*** Opening Supplied entries ***

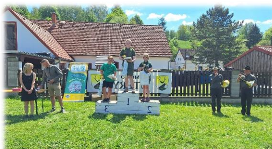
Vítězné kategorie „A“
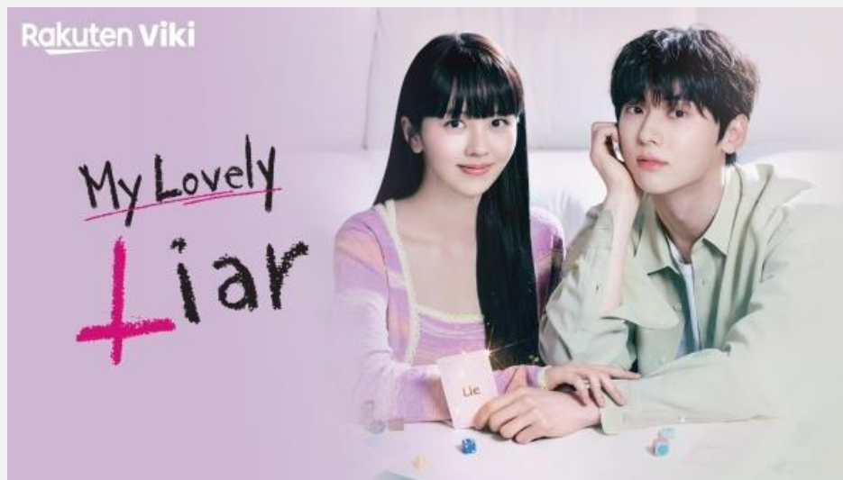
tvN <소용없어 거짓말> 미국, 캐나다, 프랑스 등 해외 127개국 1위
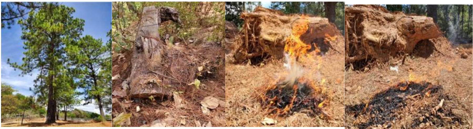
Angie Mariflor Argueta (2021) “Etapas de destrucción, consecuencias de la tala de arboles” Foto Ensayo compuesto por una serie de cuatro fotos.
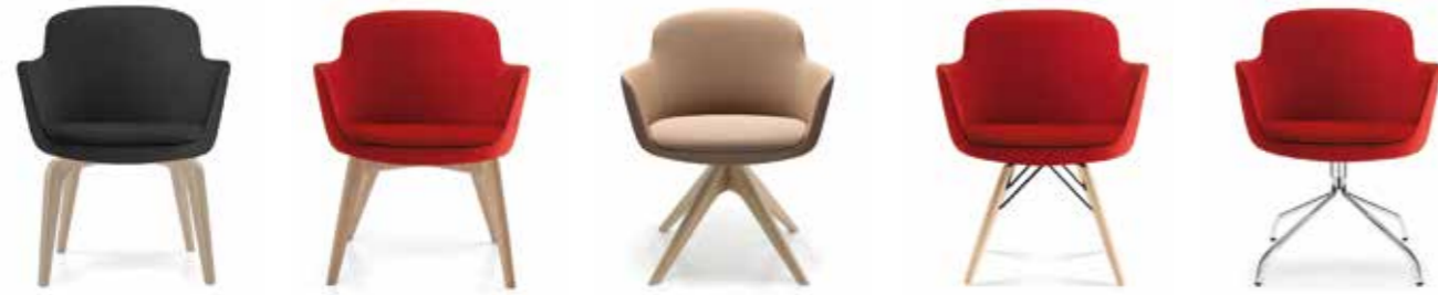
Nr. 01 Nr. 02 Nr. 03 Nr. 04 Nr. 05
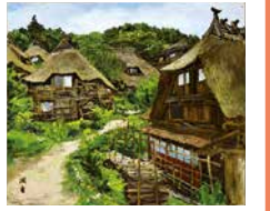
向井潤吉《山間草炎》[山形県東田川郡朝日村田妻侯] 1962年

草屋根の民家を描いた画家・向井潤吉(1901-1995)。画業における初期のハイライトといえる、若き日のフランスでの研鑽を中心にとりあげ、滞欧中の油彩画などを、後の民家を描いた作品とともに展示します。
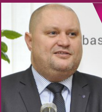
Robert Kirnag, Ambasadorul Slovaciei în R. Moldova:

„Am creat acest raport, deoarece credem că este necesar ca autoritățile locale să înțeleagă cum poate fi consolidată încrederea cetățenilor în ceea ce fac ele. Nu există nicio localitate cu date ideale. Nu există niciun model absolut, pentru că fiecare localitate are performanțele și lipsurile sale, iar obiectivul acestui raport este de a difuza practicile pozitive și de a promova ideea că, pentru a fi mai atractive pentru partenerii de dezvoltare, primăriile trebuie să dezvolte calitățile de a servi interesului public, de a fi transparente și a avea instrumente care să asigure credibilitatea cetățeanului. Fără aceste elemente, nu poate exista progres la nivel național”.
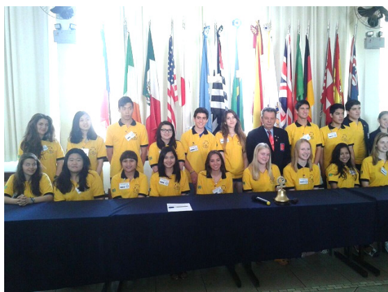
D4620 八月例會所有交換學生
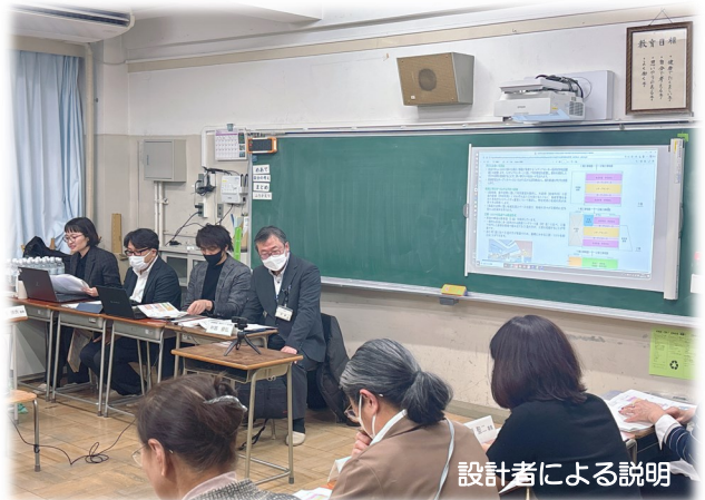
設計者による説明
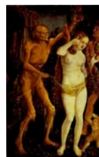
Hans Baldung Grien 1509
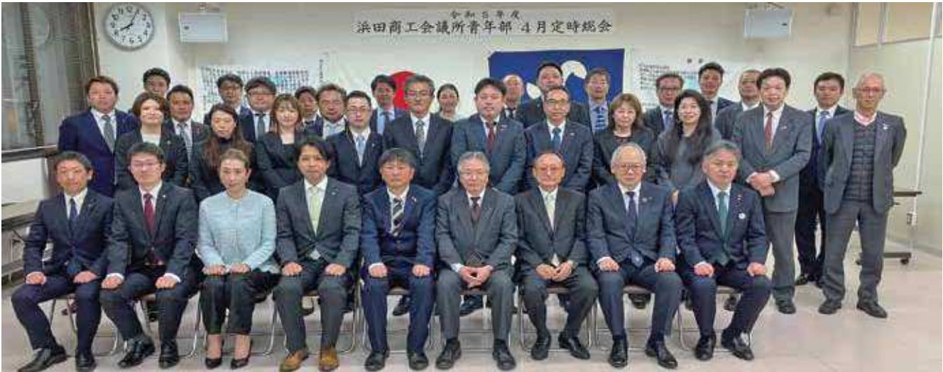
総会参加者で記念撮影
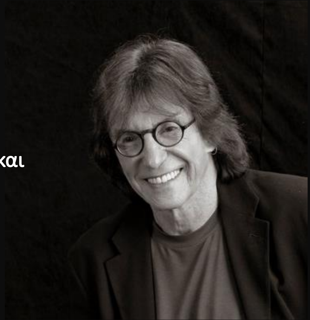
Henry A. Giroux

σύνδεση της παιδαγωγικής με το κοινωνικό και πολιτικό καθήκον της αντίστασης, της χειραφέτησης, του εκδημοκρατισμού

*** Closing Supplied entries ***

What is being asked ::
All pictures are to be skipped; the lines from the first line of the records through the line containing "草屋根の民家を描いた画家・向" are to be repeated exactly, both ends included.

Response to the task ::
Vítězné kategorie „A“
tvN <소용없어 거짓말> 미국, 캐나다, 프랑스 등 해외 127개국 1위
Angie Mariflor Argueta (2021) “Etapas de destrucción, consecuencias de la tala de arboles” Foto Ensayo compuesto por una serie de cuatro fotos.
Nr. 01 Nr. 02 Nr. 03 Nr. 04 Nr. 05
向井潤吉《山間草炎》[山形県東田川郡朝日村田妻侯] 1962年

草屋根の民家を描いた画家・向井潤吉(1901-1995)。画業における初期のハイライトといえる、若き日のフランスでの研鑽を中心にとりあげ、滞欧中の油彩画などを、後の民家を描いた作品とともに展示します。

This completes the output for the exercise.